Over the whole heat, Ferreira’s surfing was more radical, more explosive, and a lot more entertaining to watch.
Is that not what this game is about?
And who would rather see at Trestles? Only one of these men has a chance of beating Filipe Toledo at that venue, that’s obvious.
The problems with the judging were laid bare by the overlapping heat format, and the juxtaposition of John Florence’s waves with Ethan Ewing’s. Florence shows that you can be beautiful and explosive.
I implore you to go to the replays.
Watch Ethan’s 8.07. The contrast with Italo’s 6.77 might come down to a question of taste (not in my opinion) but compare it to Florence’s 6.33 then 7.50. These two waves contained the two most skullfuckingly radical turns of the entire competition, if not the whole year.

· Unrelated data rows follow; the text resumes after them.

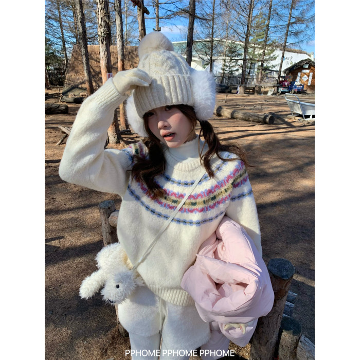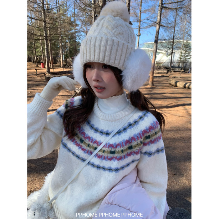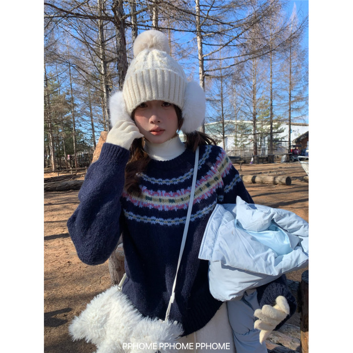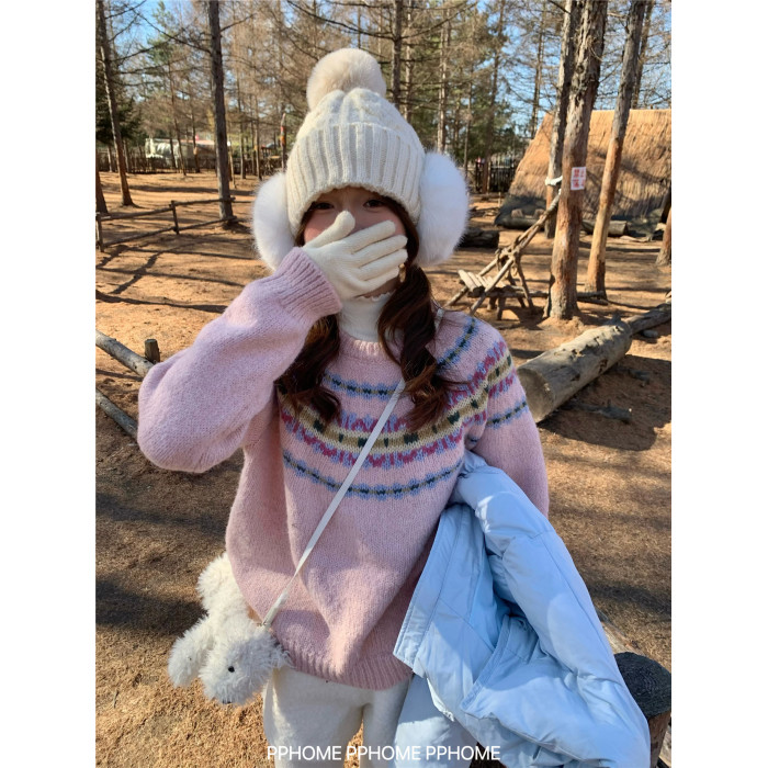 PPHOME自製~超美配色 復古費爾島撞色提花針織衫毛衣軟糯長袖上衣
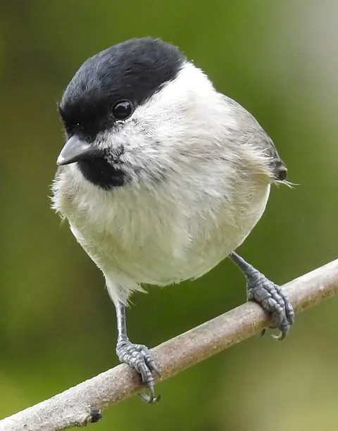 The female builds the nest, which is a cup of moss lined with feathers and hair, in a hole in a tree. They usually nest in deciduous trees, like willows or alders, but will sometimes use a box. The Marsh Tit's eggs are smooth and glossy, and white with brown markings. The female incubates the eggs by herself. After the young hatch, they are fed by both parents. The Marsh Tit is a Red List species owing to a large, rapid decline in the breeding population since the 1960s, most likely because of changes in land usage and woodland management.
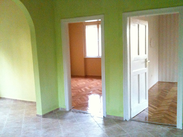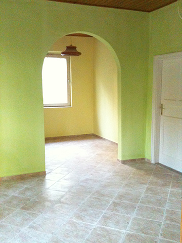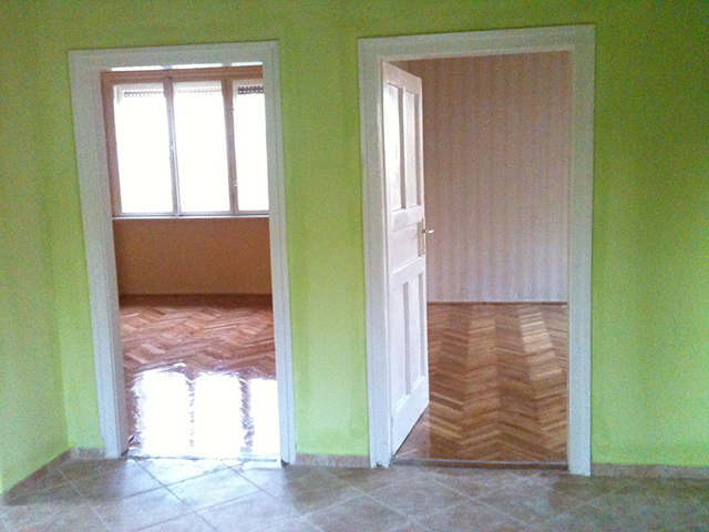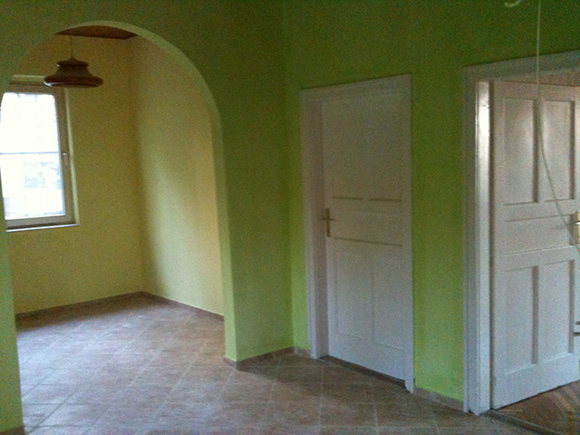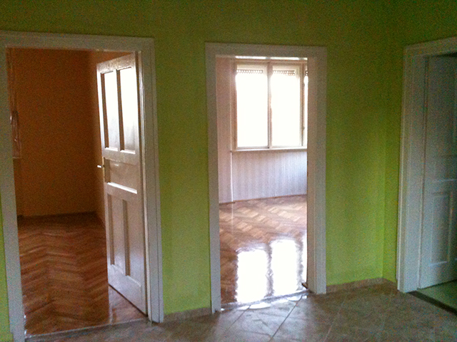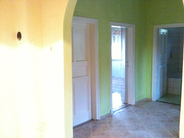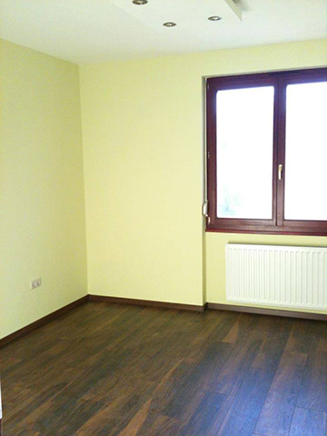 A megrendelő kérésének megfelelően, új aljzatbetont készítettünk, majd alzatkiegyenlítést végeztünk. A szobák új színt kaptak, végül bükk színű laminált padlót raktunk le.
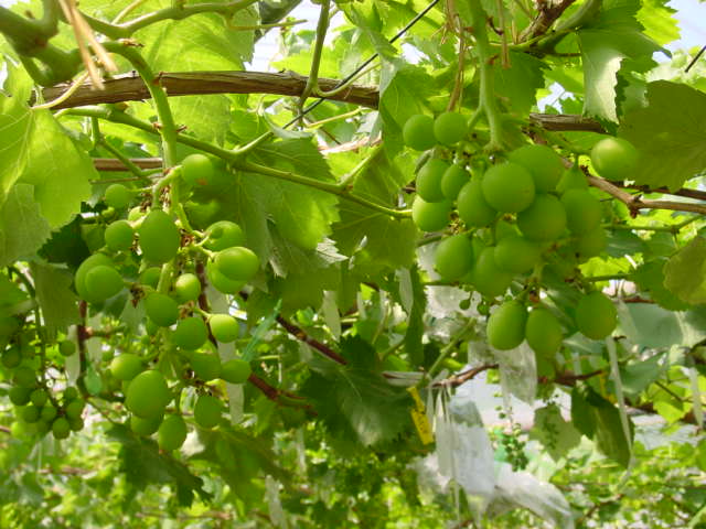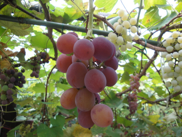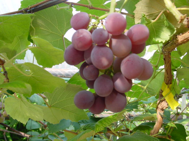 シナノスマイルについて 巨峰と同じくらいの大きな実がなり、ピンクの綺麗な実がなります。日光の加減で着色状態が変るので、理想的な着色を行う為には日光の加減が少し難しそうです。 でも、色が多少変わっても味はあまり変らないようですので、趣味で育てるならあまり気にすることはないですね。 花振るいは殆どないので、房の作りは容易ですが、房の整形と適粒を行わないと実が成りすぎる傾向があります。 その為もあると思いますが、枝の登熟は不完全になりやすく、次年度の結果枝が上手く出来ない事があります。

Florence’s double arm drag layback, even as a single manoeuvre, was light years more radical, more oozing with personality and verve, than anything Ewing did. By contrast, Ethan looks to be playing it safe. I recognise that there’s a case of the Joel Parkinsons with Ewing, he makes the difficult look easy, but honestly, I’m not sure he’s even as good as Parko was.
Interrogate these judges or sack the lot of them.
They got it right eventually, awarding Florence a 9.43 for a two-turn final wave.
“While we went meandering down memory lane,” said Rabbit Bartholomew, referencing the classic event highlights that were being shown mid-heat, “John John Florence was back in the future with a 9.43”.
Ewing and Florence will match up in the quarter. Watch closely. You’ll see Florence’s rail work is every bit as clean as Ewing’s. His bottom turns are less twitchy, and his top turns come from somewhere far beyond the realms of mortal men.
Anything other than a Medina vs Florence final will feel like a letdown.